また彼はテレビ番組で犯罪者への新たな警告として、マニラ湾は肥えた魚でいっぱいになる、「それはそこにお前を捨ててやるからだ」と話しました。

殺害脅迫は今や口コミやネット上で拡散し、選挙活動やポスターなどでも皆が待ち望む一声となっています。支援者は彼を映画スターのようにもてはやし、一緒に写真を撮ろうと殺到するまでになっています。

「彼はロックスターみたいだ」とダンテ・ジメネス(Dante Jimenez)は語ります。彼は、兄を麻薬密売人に殺された経験から1990年代にボランティアの防犯組織を設立した、ドゥテルテの熱狂的支援者です。「彼が大統領になると考える だけで、安心・安全を感じられる 」。
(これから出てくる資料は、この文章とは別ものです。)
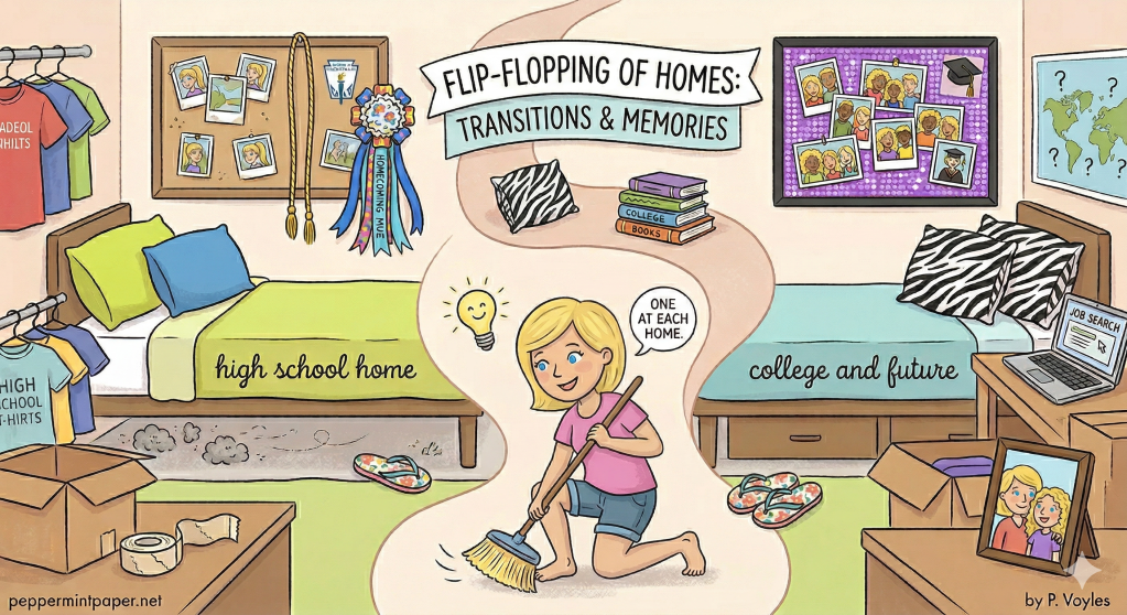 Transitions are never easy, especially the big ones. All I can do is reassure her that everything will fall into place. And no matter where she goes or how many new “homes” she creates, I’ll always make sure there’s a place here for her to leave her flip-flops while she figures it all out.

ドゥテルテの言動に人権活動家らは驚きを隠せませんでした。ヒューマン・ライツ・ウォッチ(Human Rights Watch:アメリカ合衆国に基盤を持つ国際的な人権NGO)のフェリム・クライン(Phelim Kline)は、「罪に問われないのを自慢げに語る行為は、起訴に結び付きこそすれ、彼の陣営の政綱にはなり得ない 」と批判しています。

覆面を被ってバイクに乗り、犯罪容疑者や麻薬密売人の殺人の多くに対して罪に問われている、いわゆる「ダバオ・デス・スクワッド」による違法な殺人にドゥテルテが関与している疑いがあるとして、法の番人は調査を求めています。市長はこれまで何の罪にも問われておらず、彼を裁判所へ引きずり出そうとする批判と闘っています。

違法な殺人を大目に見るのかと聞かれた際、ドゥテルテはそんなことはしないと言いますが、一方警察や兵士は発砲した容疑者に向かって合法的に発砲できるではないかと反論しています。

元警視総監であるパンフィロ・ラクソン(Panfilo Lacson)は、彼の長年の経験から容疑者の多くは追いつめられると降参し、何年もの間裁判することになるため、短期間で犯罪をなくすというドゥテルテの誓約は「不可能でないとしても、現実的に可能なものではない 」と話しました。

「キャッチフレーズ がどんなによく聞こえたとしても、それはしょせん、ただのキャッチフレーズだ」とラクソンは話しました。